Employing the tools of both textual and contextual analysis, this dissertation demonstrates that a central project of Thucydides’ work was to reexamine and radically reinterpret the essential features of Athenian democracy, its relationship to other regime types, and the conditions for its success by considering it as a type of collective hero. It argues that, against the grain of fifth-century democratic ideology, Thucydides developed an account of the imperial democracy that placed it within the tradition of Greek heroism and autocracy, thereby contesting the belief that democracy should be characterized primarily as a form of egalitarian rule antithetically related to kingship and tyranny. In undertaking this project, however, this dissertation shows that Thucydides was less a critic of Athenian democracy than of Athenian democratic ideology. He conceived of his city as a collective autocrat not in an effort to denigrate it, but to better understand the apex that it achieved.

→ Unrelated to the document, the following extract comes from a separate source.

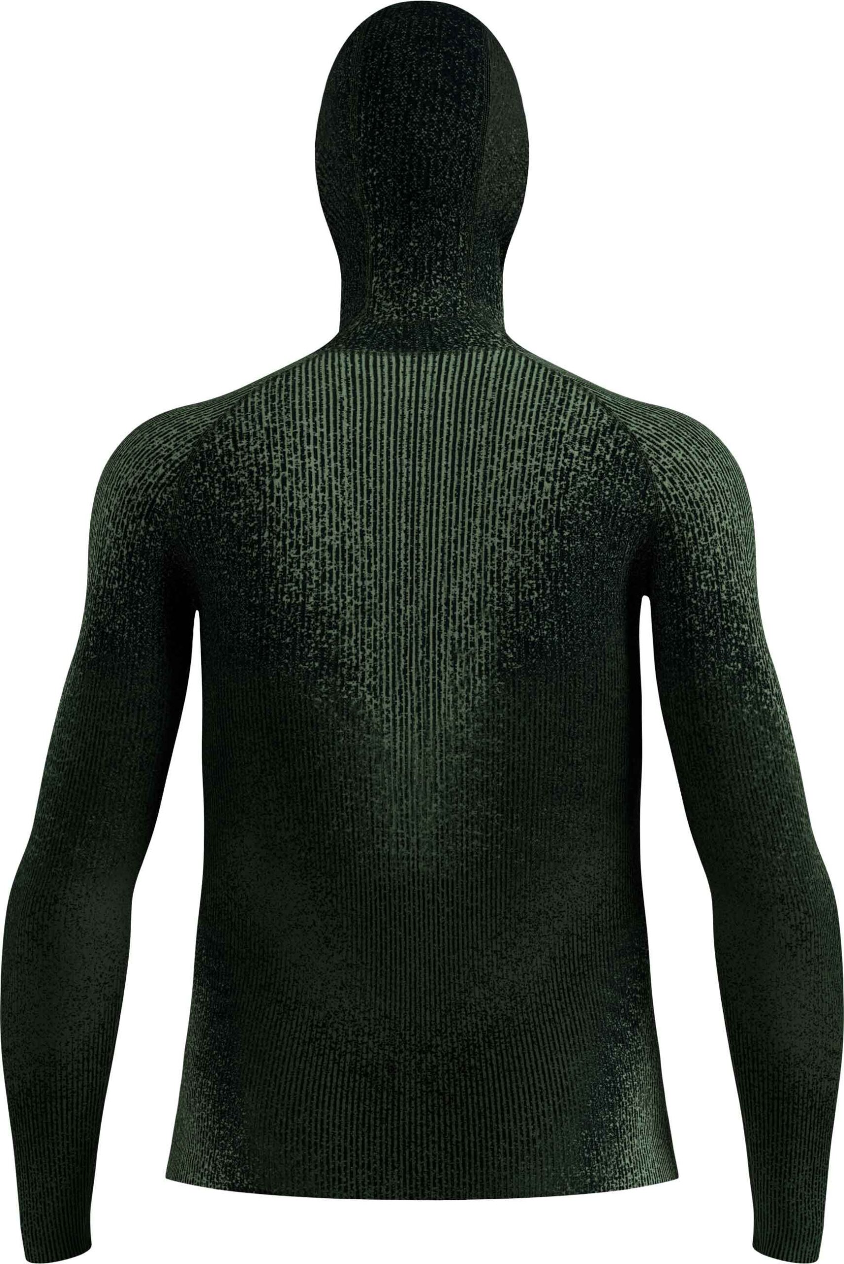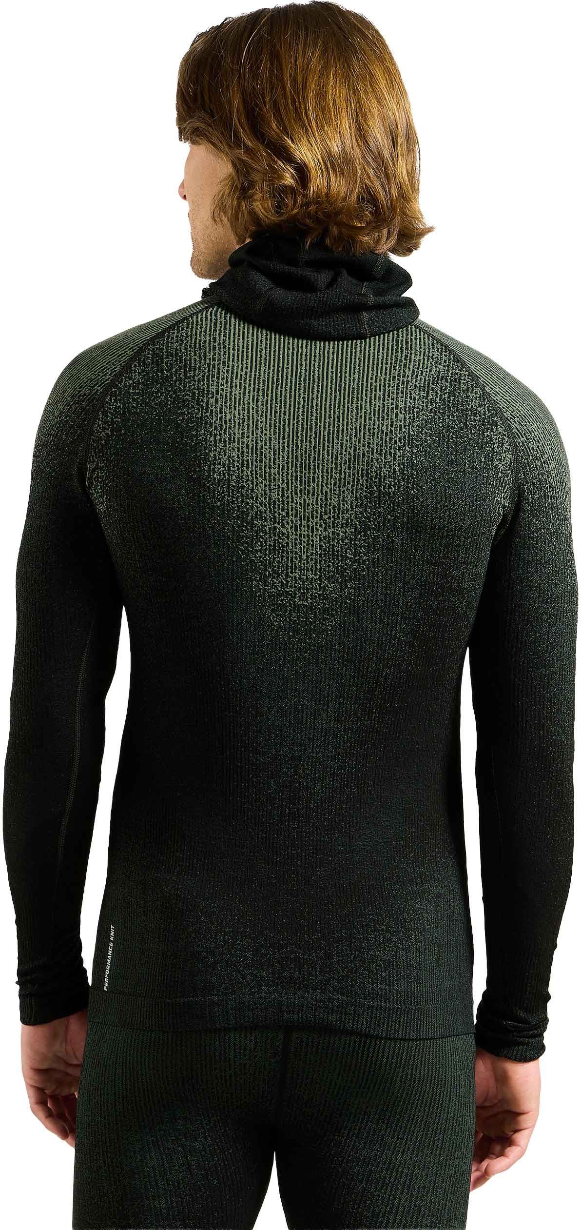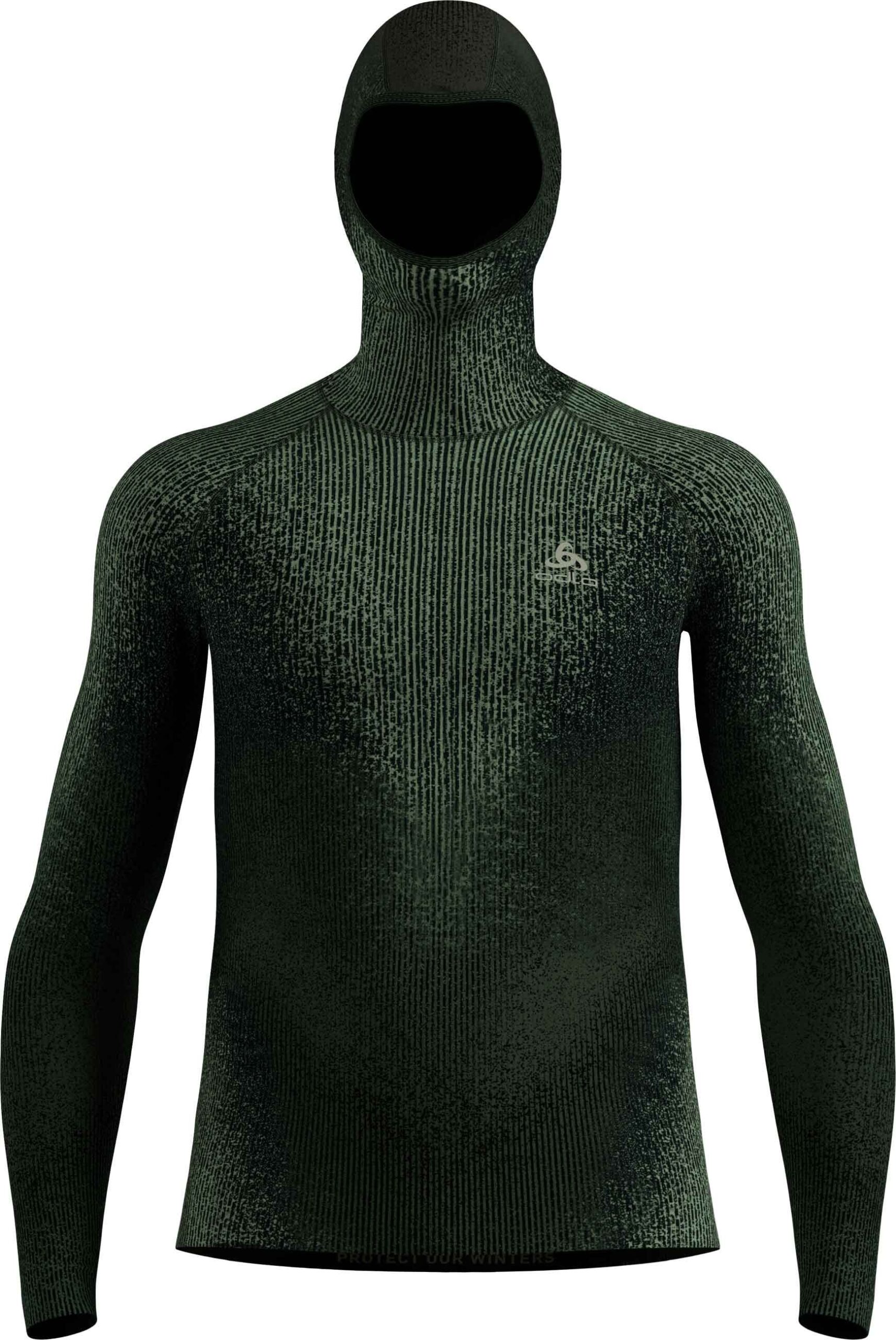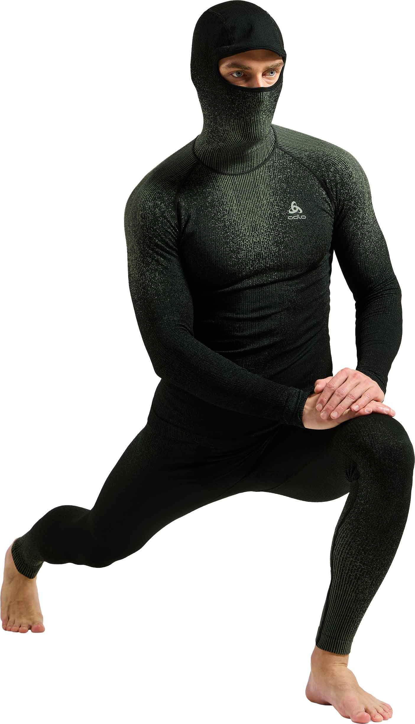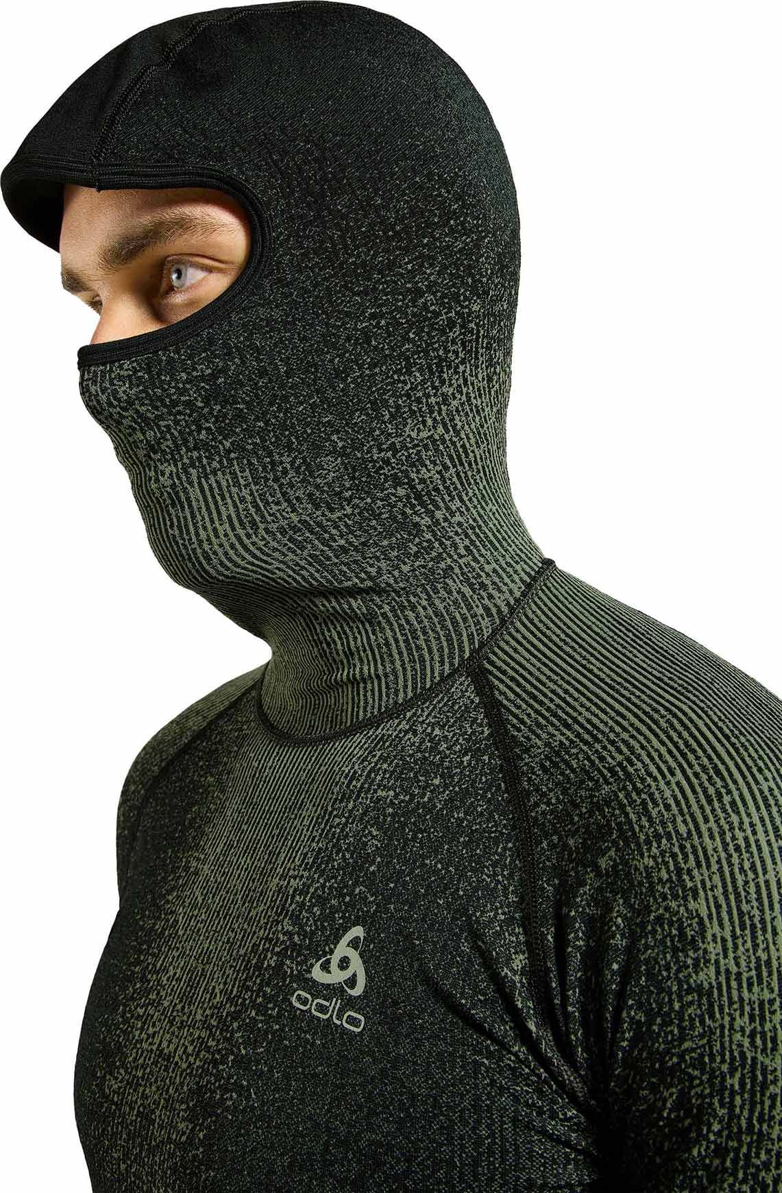 Haut technique à capuche Odlo Blackcomb Eco Urban Chic, première couche homme extensible, respirante et anti-odeurs, séchage rapide et capuche intégrale pour protéger visage et oreilles du froid pendant le ski.

This dissertation further demonstrates that, in redescribing Athenian democracy as a heroic autocrat, Thucydides also set out to reinvent the Greek tradition of heroic autocracy. His commitment to a rationalistic and naturalistic mode of inquiry practiced by fellow fifth-century thinkers such as the Hippocratic medical writers appears to have provided some of the impetus for this ambition. However, this dissertation shows that it also stems from Thucydides’ deep and careful contemplation of the Athenian experience of the war itself. Recognizing that many of the central fixtures of the heroic worldview offered a helpful frame for thinking about the causes and pitfalls of democratic greatness, Thucydides nevertheless perceived that these could get him only so far. This dissertation tracks the crucial differences between a collective, democratic autocrat and an individual hero that had to be accounted for if the rise and fall of Athens was to be made fully intelligible. Many of these flowed from the democratic hero’s ability to selectively incorporate egalitarian practices into its domestic organization. At the most basic level, some degree of equality allowed for greater inclusivity, cooperation, and collective action in the heroic project, which translated directly into greater power. This was an unambiguous good, but the same cannot be said of all manifestations of equality within the democracy. In the deliberative sphere, the possession of an equal vote by all citizens created a variable dynamic between people and leaders, resulting in either excellent or catastrophic policy depending on the relative merit of those who vied for popular leadership. For Thucydides, this dissertation shows, the success of the democratic hero depended on the maintenance of a delicate balance between egalitarian and autocratic relationships among citizens, and the eventual tragic fall of the democratic hero could be traced to the overextension of equality in the deliberative sphere, which led to untrammeled autocratic ambitions abroad and ruinous civil war at home.